The Elgaland-Vargaland project has been going on since 1992, and the kingdom includes not only all geographical border areas, even at sea, but also the digital and mental ones. From here into eternity – citizenship does not end with death.
This wide-ranging project is like 360-degree VR film, raised to any high number and paradoxically more real. I’ve always been drawn to the humor of it all, the rather nerdy tinkering with everything from constitutions to stamps that is so elegantly woven together with sharp contemporary analysis. It is enough to listen to the radio and SD representatives talking about illegal people to understand that the thing about country borders and citizenship, it must be problematized again and again.

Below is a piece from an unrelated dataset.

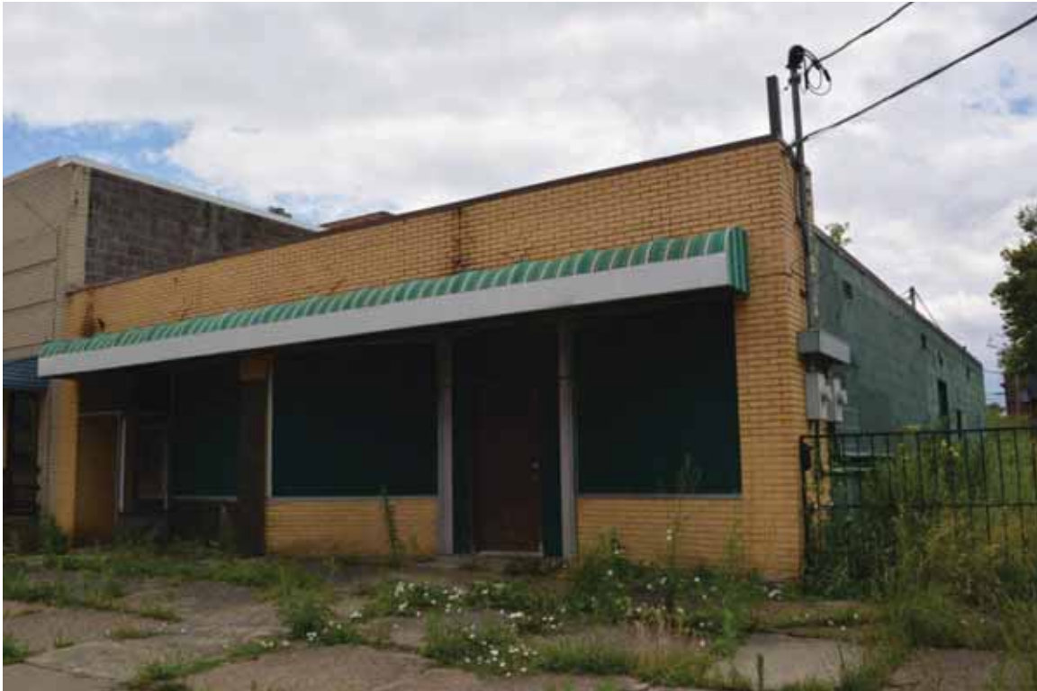
Photograph 4.104. 833 Lincoln Place, facing southeast (Panamerican 2014).

The World Exhibition itself, which is presented in the larger of Accelerator’s halls, is a mix of homages to Leif Elggren and Carl Michael von Hausswolff – for example, the two perfumes produced by Chandra Shukla – and artistic representations of the Elgaland-Vargaland idea – such as the sounds from the other side recorded by Michael Espositopresented as the seven deadly sins.
These two exhibitions complement each other well. From antiquity to the present, from the dead in eternity to the haunted environment of Nea Zoi – with royalty everywhere! – we see the boundaries more clearly and thus, perhaps, a hint of how they can be dissolved.